I overheard the following inter-cubicle exchange in a mixed changing room recently. ‘So where do you live?’ ‘We live on Dartmoor.’ ‘Dartmoor! How lovely!’ ‘Well, yes, it is amazing. But we’ve had quite enough of it now and we’re moving back down to the coast. In the two years we’ve lived up there, we’ve had enough rain and fog to last us a lifetime.’
I smiled as I stuck my right leg through the wrong hole of my swimming shorts. Very wet, Dartmoor is. In fact sodden might be a better word. It rains for days on end. The 365sq mile plateau is the first port of call for rain blowing in off the Atlantic. Seventy inches of rainfall spread over 200 days of the year is not unusual.
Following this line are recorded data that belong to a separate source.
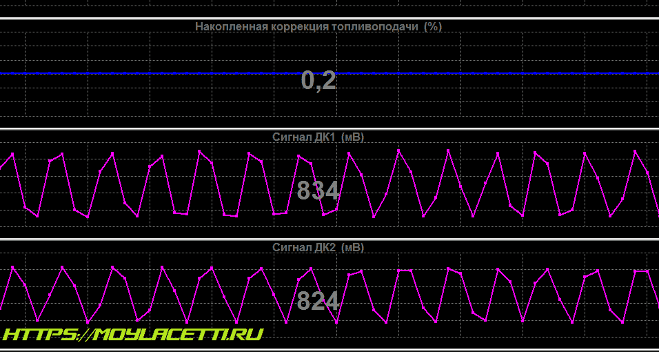 При диагностике необходимо обратить внимание на строку параметров сканера «ДК1-Банк 1», где отслеживается работа кислородного датчика. Когда сигнал датчика уходит в плюс, блок управления мгновенно меняет значение кратковременной коррекции в сторону минуса, прикрывая распыл форсунки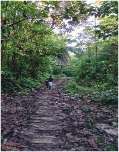 Caminho de paliçada por onde as crianças transitam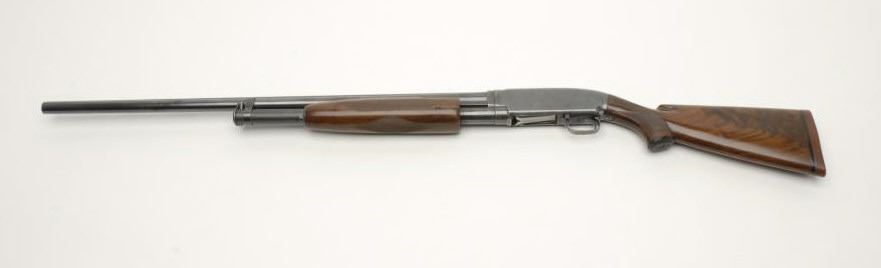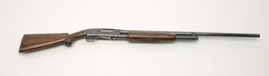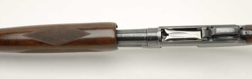 Winchester Model 12 pump action shotgun, 12 gauge, serial #1071290. The shotgun is in very good overall condition with a 30” factory trap, raised rib, non-ventilated, full choke barrel with an ivory bead front sight. The barrel, magazine andreceiver retain nearly all of their thinning blued finish with light surface erosion and wear on the underside of the action. The finely checkered wood stocks are an older re-stock and remain in very good condition with small mars andcompressions consistent with field use. The wood exhibits superior figure and graining, especially in the butt stock. The red rubber Winchester butt pad provides a 13 ¾” LOP. The bore is very good, the action crisp and markings are sharp. Est.:$300-$600. (C+R).

And she’s right about the fog, too. It gets on your tripe. The day can start clear and dry and by lunchtime all is obscured by a cold, damp whiteness. Here’s William Crossing (1847–1928) whose encyclopaedic Guide to Dartmoor (1909) is the Dartmoor monomaniac’s Bible: ‘I have known my surroundings to be entirely obscured, and objects 20 or 30 yards distant rendered invisible, where ten minutes before there was not a sign of what was coming, and the mist has continued for several days.’ His tip for drying out wet boots overnight is to pack them with oats, which as well as soaking up the moisture, swell, preserving the shape of the boot. It says it all about the Dartmoor climate that towards the end of his life, Crossing, a loveable man and a virtuoso on the tin whistle, was so stricken by rheumatism that he couldn’t put pen to paper.
Fog and torrential rain often come together. Even the hardy Dartmoor ponies — descended, it is thought, from domesticated animals turned loose during the dark ages — even these shaggy creatures stand there in the rain looking shocked, as if they can’t quite believe the miserable existence which has been allotted them.